Stop Tuning Prompts. Start Writing Hooks.

Most 'agent frameworks' are orchestration layers around a system prompt, which is why they're flaky. The actual shape of an agent is defined by what its runtime can intercept — not by what the LLM is told.

lifecycle hooksagent runtimePreToolUsePostToolUsePreCompactClaude Codeagent-swarm
Two engineers arguing about whether a prompt or a hook should enforce agent behavior
Three weeks of prompt tuning vs. 47 lines of TypeScript. Guess which one held.

We burned three weeks tuning a system prompt to make our agents check memory before calling tools. It worked beautifully in testing—until production context windows got tight. Then the model “forgot” the invariant and started calling tools blindly. We added examples. We added XML tags. We added ALL CAPS REMINDERS. The drift always returned.

The fix was not in the prompt. It was 47 lines of TypeScript in a PreToolUse hook. That hook now intercepts every tool call before the LLM executes it, checks the memory index, and rejects the call if the context is missing. The model does not need to “remember” anything. The runtime enforces it.

This is the distinction that changes how you build agents. A prompt is a polite request. A hook is a hard contract. Most “agent frameworks” are just orchestration layers around a system prompt, which is why they are flaky under pressure.
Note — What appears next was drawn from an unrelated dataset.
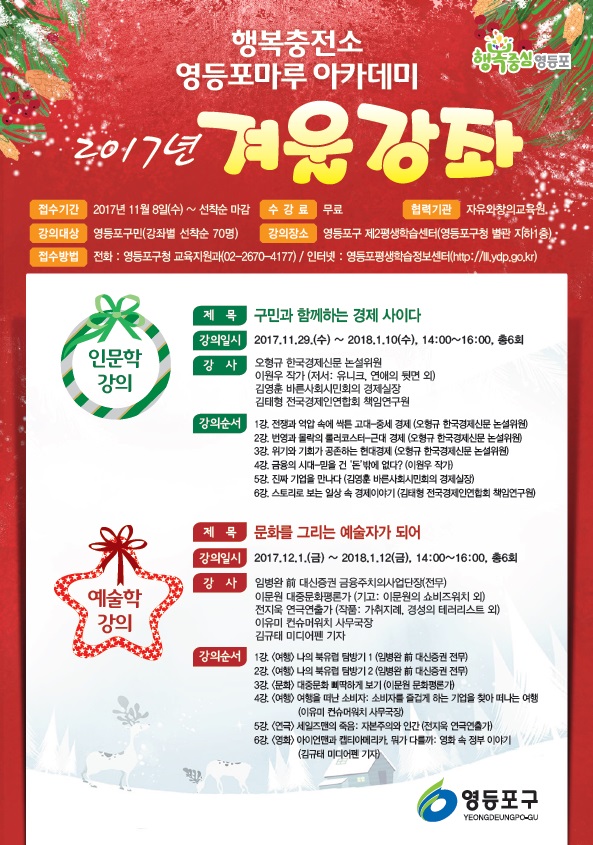 [부자동네타임즈 이병도 기자]영등포구가 다가오는 겨울을 따뜻하고 풍성하게 채워줄 무료 인문.예술학 강좌를 마련해 눈길을 끈다.

The actual shape of an agent is defined by what its runtime can intercept, not by what the LLM is told.

Why Prompts Fail at Scale

The seductive failure mode of prompt engineering is that it works in isolation. When you have 2k tokens of context and a simple task, the model does what you ask. But agents do not run in isolation. They run for hours. They accumulate error logs, tool outputs, conversation history, and self-reflection loops. The context window compresses. The system prompt gets drowned out by recent turns.

We watched this happen with our Researcher agent persona. The system prompt instructed it to always check SOUL.md for identity context before answering domain questions. For the first ten turns, compliance was perfect. By turn thirty, with context pressure mounting, the agent started hallucinating its own capabilities—claiming expertise it did not have because it skipped the memory check. The prompt was still there in the history. The model just stopped prioritizing it.

The drift pattern

Prompt-based invariants fail logarithmically with context length. The probability of compliance drops as the ratio of recent conversation to system prompt increases. You cannot prompt your way out of this. You can only intercept.

Six Lifecycle Hooks, Six Hard Contracts

Our runtime defines six lifecycle events in src/hooks/hook.ts (~1000 lines). Each one is an interception point where deterministic code runs before the LLM can act. This is where the actual agent behavior is forged.

1. SessionStart — the bootstrap enforcer

This fires before the agent utters its first word. In our swarm, SessionStart injects the agent’s identity boot context—and the critical “you are not registered, use join-swarm to register” gate. If an agent tries to operate without proper swarm credentials, this hook short-circuits every tool call before the LLM has produced a single token of useful output.

// src/hooks/hook.ts — SessionStart pattern
export async function onSessionStart(session: Session): Promise<void> {
  // Identity injection happens here, not in the system prompt
  const identity = await loadIdentityFromDisk(session.agentId);

  if (!identity.registered) {
    // Hard stop before the runner accepts any task. No prompt can override this.
    session.injectSystemMessage(
      "You are not registered in the agent swarm. " +
      "Use the join-swarm tool to register yourself, then check my-agent-info."
    );
  }

  // Boot context is deterministic code, not prompt text
  session.context.bootTime = Date.now();
  session.context.identityHash = hashIdentity(identity);
}

The key insight: the bootstrap message you see at the top of every session is not part of the system prompt. It is injected by code that the model cannot edit, ignore, or rationalize away. A system prompt saying “always check registration” is text the model might respect. SessionStart is text the runtime always produces.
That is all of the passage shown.